What’s more, a 3PL delivers value to its customers by continually lowering costs over time. Workforce performance management plays a role there as well. By implementing measurable engineered labor standards, DSC has a better understanding of its costs at the start of a contract, and can collaborate with its customers to lower those costs over time.

Realizing the value from those opportunities identified by the CFO, however, isn’t possible without operations managers and personnel like Sam Boyle, facility manager at the McDonough distribution center.

Prior to workforce performance management, Boyle measured productivity in his facility strictly by the number of cases per hour. But given the number of customers in the building and the variation of their products, that wasn’t a true measure of productivity. “During a day we pick everything from 300-lb bulk bins to surgical caps that weigh four or five pounds per case,” Boyle says.

Engineered standards take those variations into account when determining the amount of labor needed to fill orders. And the discipline of creating those standards revealed new ways to perform old tasks.
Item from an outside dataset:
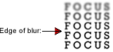 Remove your glasses. Get as close as you need to the screen to see the word ‘focus’, below, sharply. Slowly move your head back till ‘focus’ looks blurred, as indicated red arrow in the sample image. This is the ‘edge of blur’. Stop, record the exact distance in centimeters from your eyes to the screen.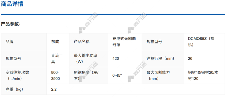 商品名称: 东成 DCMQ85Z 充电式曲线锯 20V 420W

“We used to have pickers do everything, including case picking, pallet picking and replenishment of their own product,” says Boyle. “The preferred method now includes a dedicated pallet picker, a case picker and someone doing replenishment. Through observation and measurement, we learned it was more efficient to do it that way.”

DSC uses the real-time reporting capabilities of the system in three ways.

During a shift managers can monitor the performance of the facility to determine how they’re performing throughout the facility. That allows supervisors to adapt if one area is falling behind.

Meanwhile, performance information is provided to employees at least once a day.

And now that they have engineered standards, DSC can run future orders through the system to see how many hours of labor will be needed to fill those orders.

The required hours can be compared against the productivity goals for the facility. Or they can be used to prepare bids for new work for potential customers.

While the system has only been running a few months, the combination of engineered standards and performance against historical reports, we’re already seeing an increase in throughput per labor hour and a significant payroll savings,” says Boyle.

Those improvements are good news to the CFO. “With workforce performance management we’ll be able to grow our top line revenue because we can better identify cost saving measures as we make proposals,” says Lilek. “The bottom line will benefit because the system allows us to insure that the right number of people are working in operations every day.”